# TASK DESCRIPTION
Without the pictures, repeat the listing character for character.

# DATASET SECTION
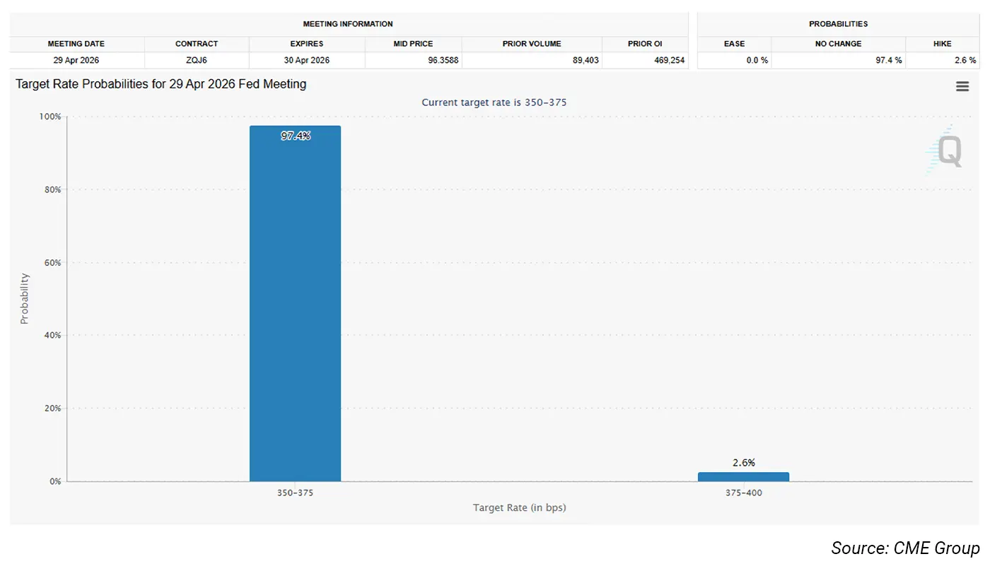 The next meeting of the Federal Open Market Committee is scheduled for the end of April. According to CME Group’s FedWatch tool, markets are currently pricing in a high probability that rates will remain unchanged at the meeting.
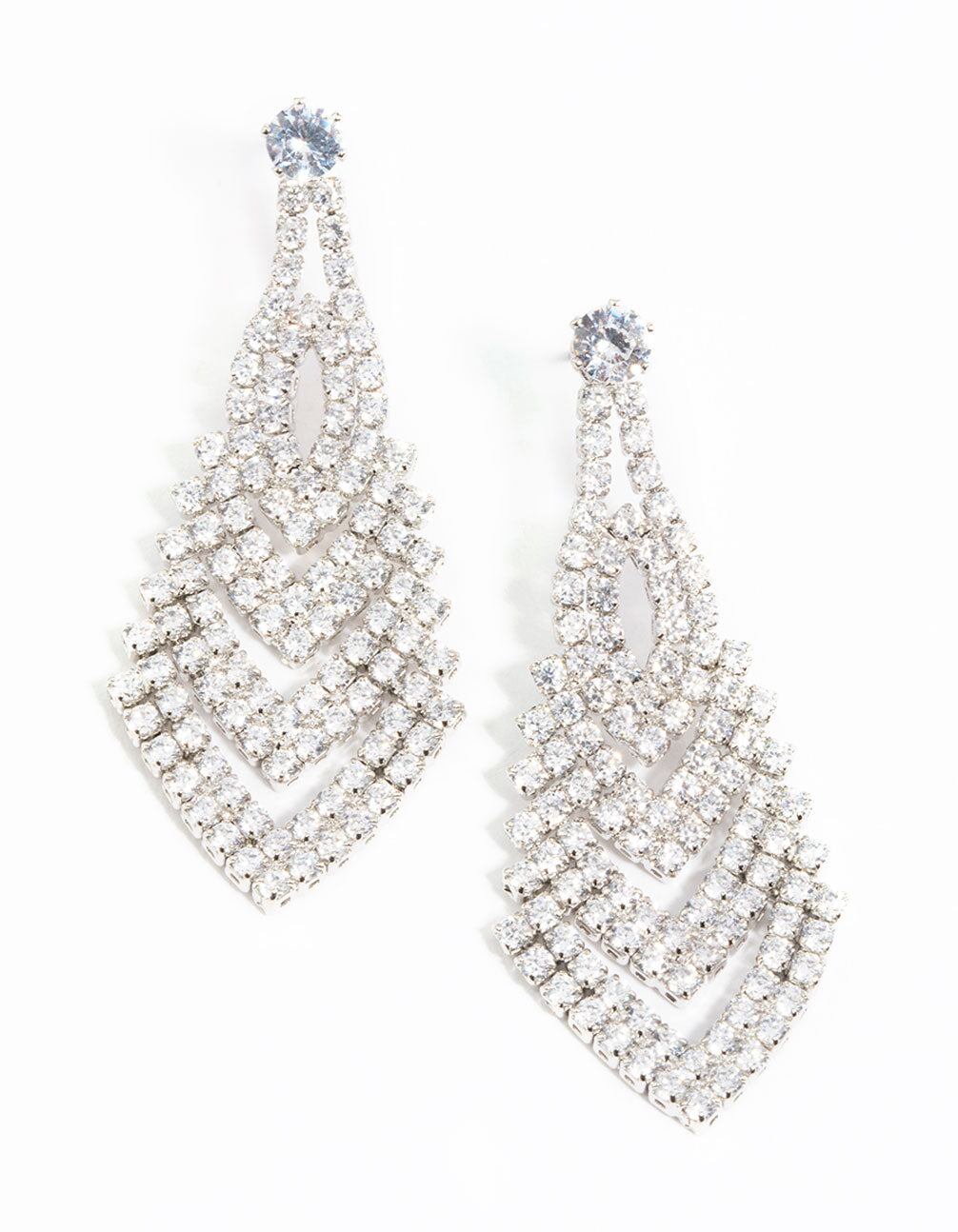 Silver Cubic Zirconia V Drop Earrings
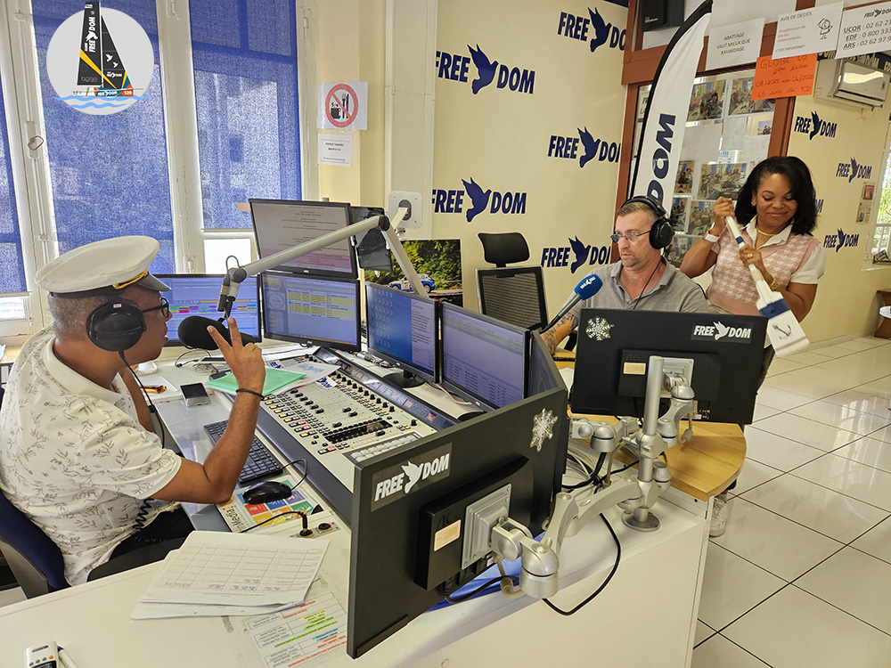 ⛵ Le bateau Free Dom accueilli à Cadix… par un auditeur venu de Barcelone ! Quelle ambiance sur les pontons de Cadix à 4h du matin ! À l’arrivée du bateau Free Dom, engagé dans le Globe40, un auditeur réunionnais,

# EXERCISE ANSWER
 The next meeting of the Federal Open Market Committee is scheduled for the end of April. According to CME Group’s FedWatch tool, markets are currently pricing in a high probability that rates will remain unchanged at the meeting.
 Silver Cubic Zirconia V Drop Earrings
 ⛵ Le bateau Free Dom accueilli à Cadix… par un auditeur venu de Barcelone ! Quelle ambiance sur les pontons de Cadix à 4h du matin ! À l’arrivée du bateau Free Dom, engagé dans le Globe40, un auditeur réunionnais,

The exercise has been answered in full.